:: Task brief ::
Within the entries below, output exactly the lines between the line containing "ラーメン激戦区の町田にできた" and the line containing "9月7日,认证为新浪微博工作", inclusive, and omit any picture.

:: Data provided ::

------------

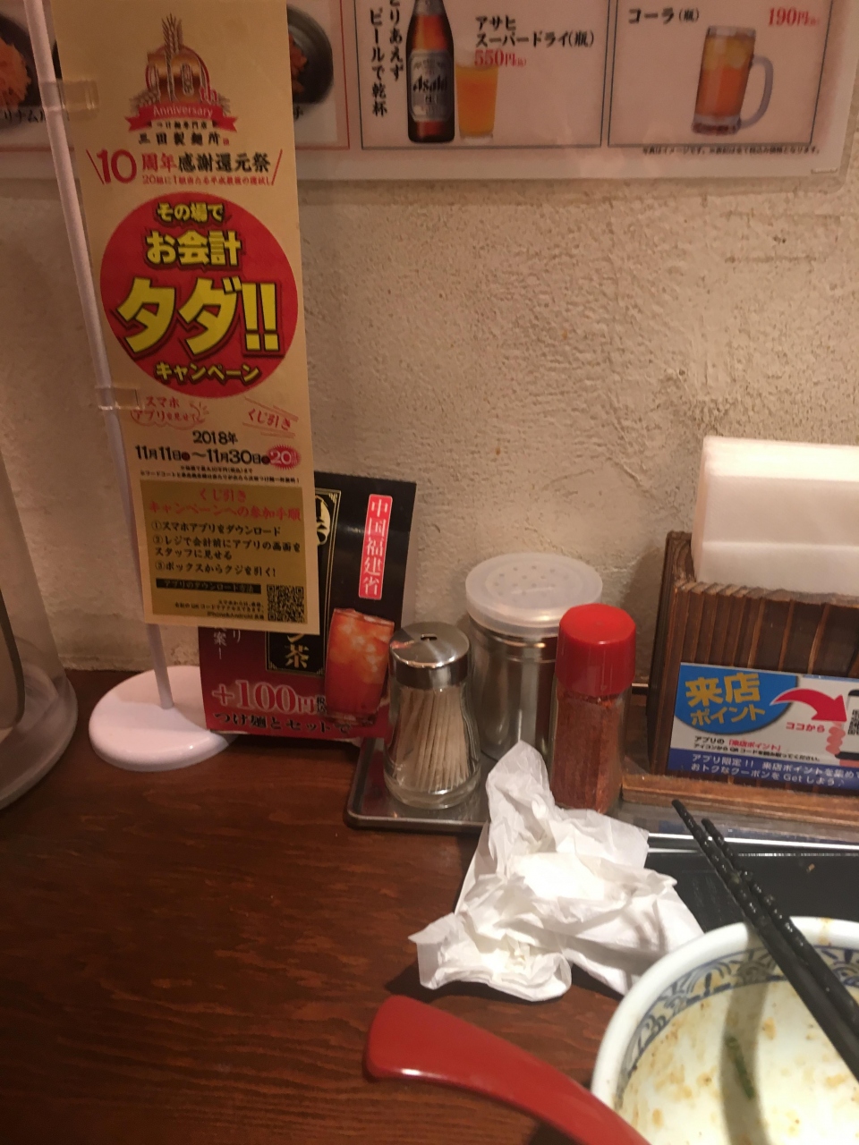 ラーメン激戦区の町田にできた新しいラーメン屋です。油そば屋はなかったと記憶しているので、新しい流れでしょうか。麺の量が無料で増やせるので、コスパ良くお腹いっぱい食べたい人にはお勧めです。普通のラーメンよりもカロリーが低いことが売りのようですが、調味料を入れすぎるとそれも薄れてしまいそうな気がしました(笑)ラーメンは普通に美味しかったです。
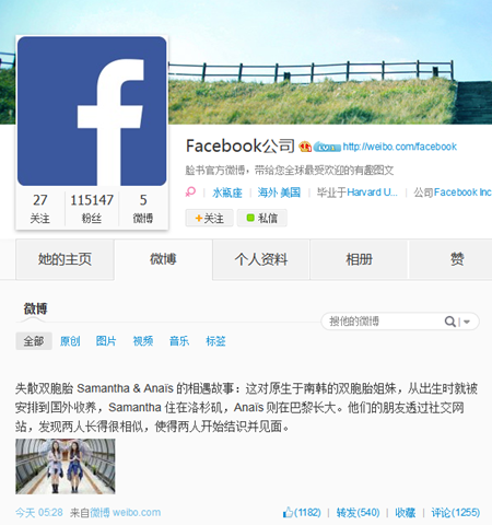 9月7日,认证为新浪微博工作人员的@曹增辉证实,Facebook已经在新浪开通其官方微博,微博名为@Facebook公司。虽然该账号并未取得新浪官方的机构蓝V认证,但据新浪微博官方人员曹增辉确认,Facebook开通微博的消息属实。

------------

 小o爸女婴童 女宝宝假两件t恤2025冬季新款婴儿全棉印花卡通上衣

------------

:: Answer section ::
 ラーメン激戦区の町田にできた新しいラーメン屋です。油そば屋はなかったと記憶しているので、新しい流れでしょうか。麺の量が無料で増やせるので、コスパ良くお腹いっぱい食べたい人にはお勧めです。普通のラーメンよりもカロリーが低いことが売りのようですが、調味料を入れすぎるとそれも薄れてしまいそうな気がしました(笑)ラーメンは普通に美味しかったです。
 9月7日,认证为新浪微博工作人员的@曹增辉证实,Facebook已经在新浪开通其官方微博,微博名为@Facebook公司。虽然该账号并未取得新浪官方的机构蓝V认证,但据新浪微博官方人员曹增辉确认,Facebook开通微博的消息属实。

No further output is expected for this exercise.